First to finish the random backoff time may listen and send.
After 16 attempts, it gives up and reports error to L3.
Ethernet Physical Layer:
The differences between standard Ethernet, Fast Ethernet, Gigabit Ethernet, and 10 Gigabit Ethernet occur at L1, often reffered to as the Ethernet PHY
10Mbps Ethernet:
IEEE 802.3 standards.
Uses Manchester-encoding over two UTP
10BASE-T using Cat3/Cat5.
Early implementations used Cat3 cabling.
Using switches it can support full-duplex.
UTP pair wires 1 and 2 used for Tx, wires 3 and 6 used for Rx.

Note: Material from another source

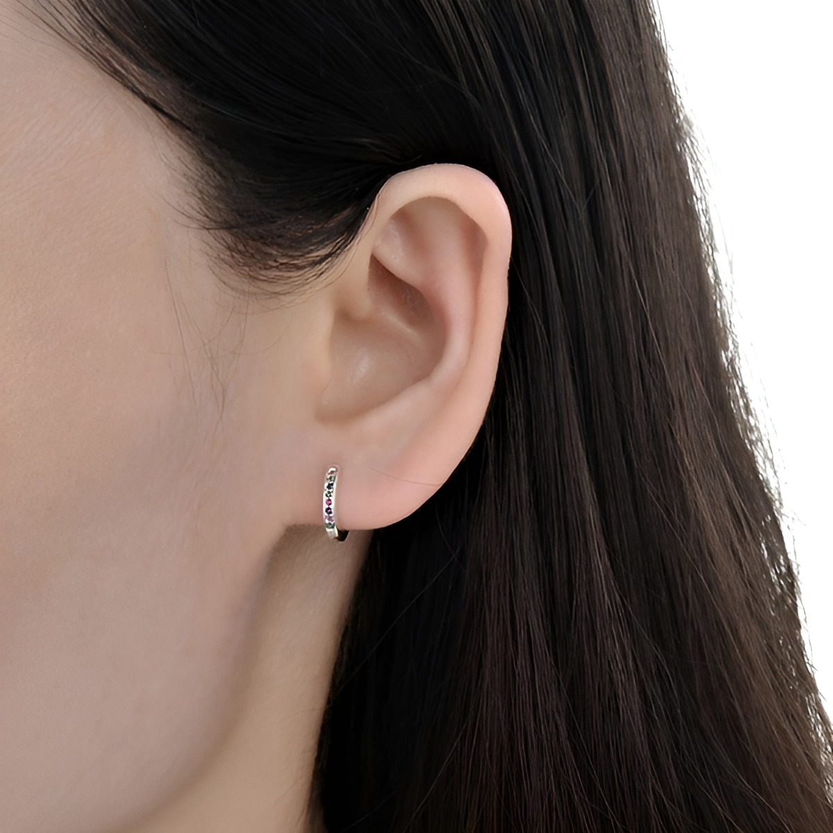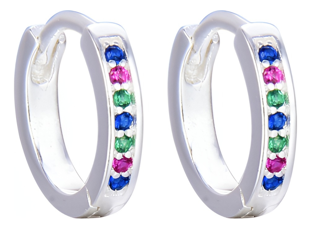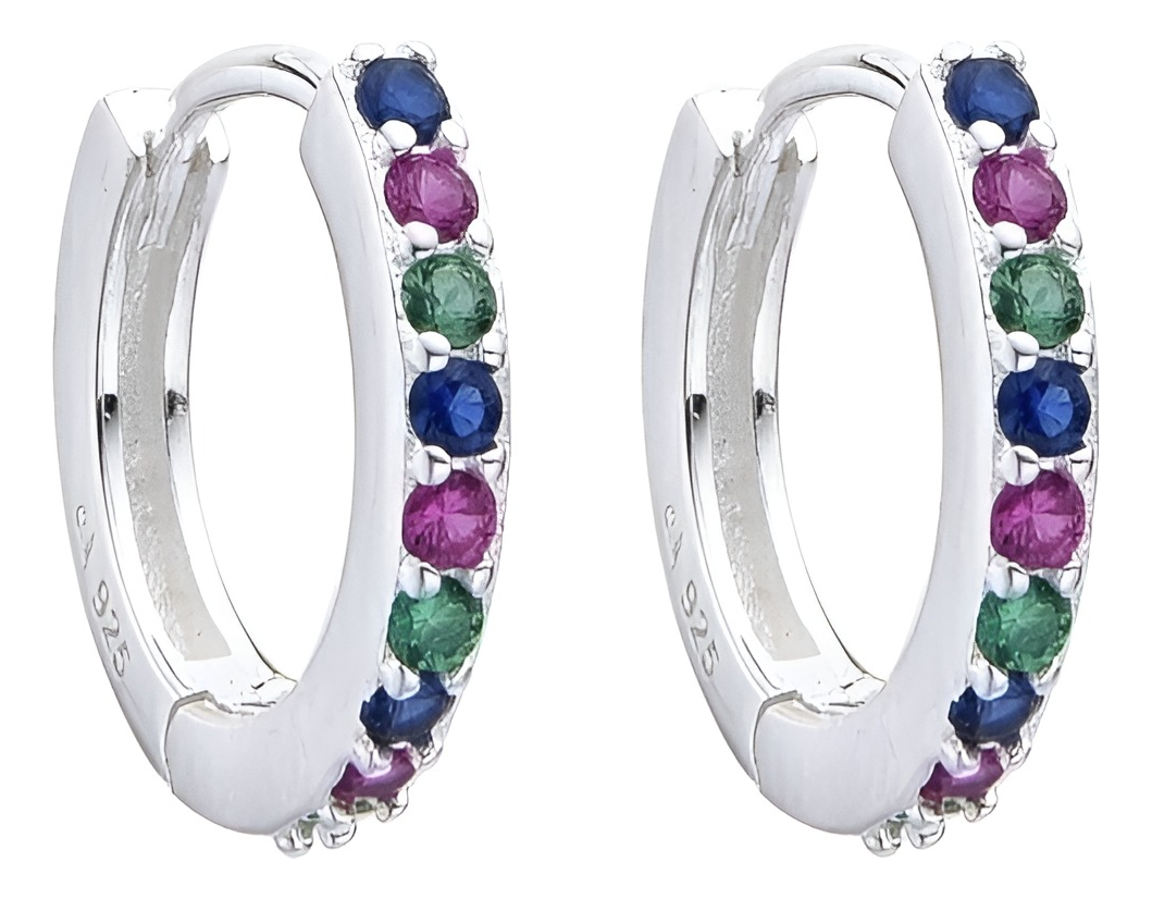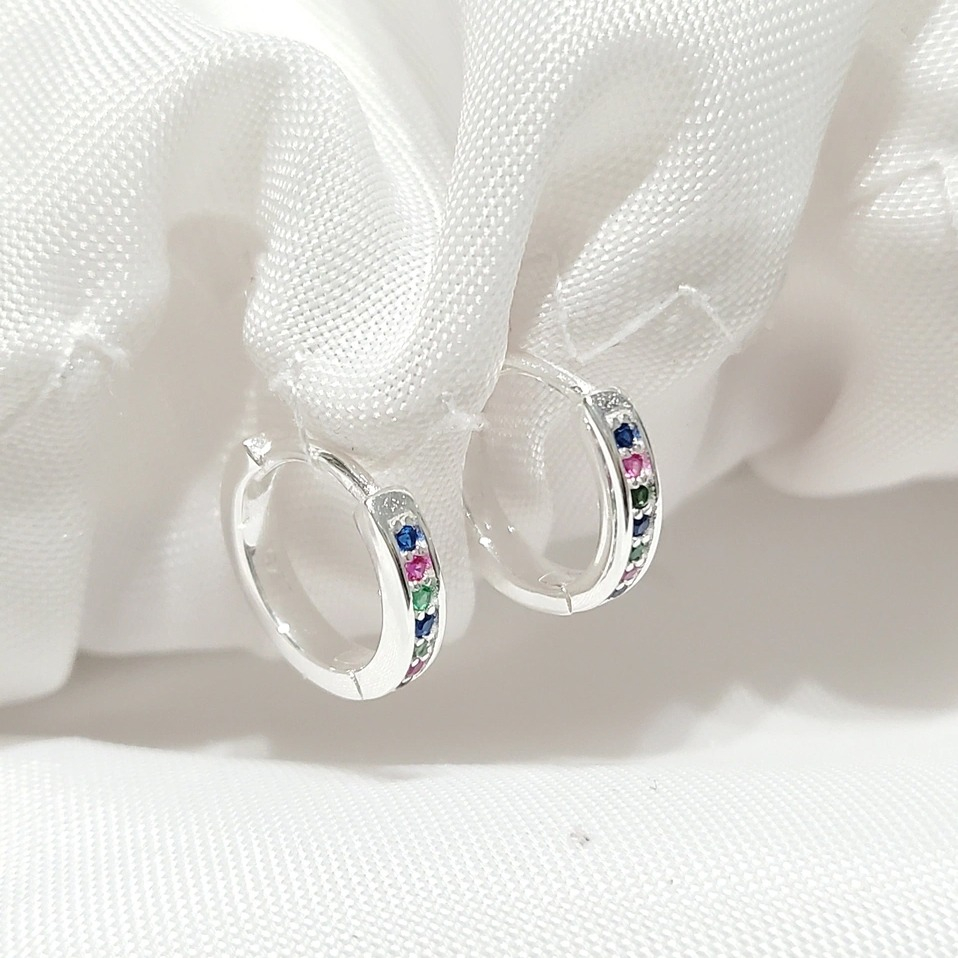 Confeccionados en plata de ley 925, cada aro cuenta con una fila de 6 zirconias de colores que brillan con un resplandor cautivador, añadiendo un toque de alegría y vitalidad a tu apariencia. Su diseño hermoso y simple los hace perfectos para hombres y mujeres que buscan un toque de color y brillo en su look diario.

A physical star topology (using a hub or repeater).
Includes:
10BASE5 using Thicknet coaxial cable.
10BASE2 using thinnet coaxial cable.
100Mbps – FastEthernet:
802.3u.
100BASE-TX using Cat5 or later UTP.
Two pairs of copper.
4B/5B.
A physical star topology (usually a switch at the center instead of a hub).
100BASE-FX using fiber.
Two standsards of fiber.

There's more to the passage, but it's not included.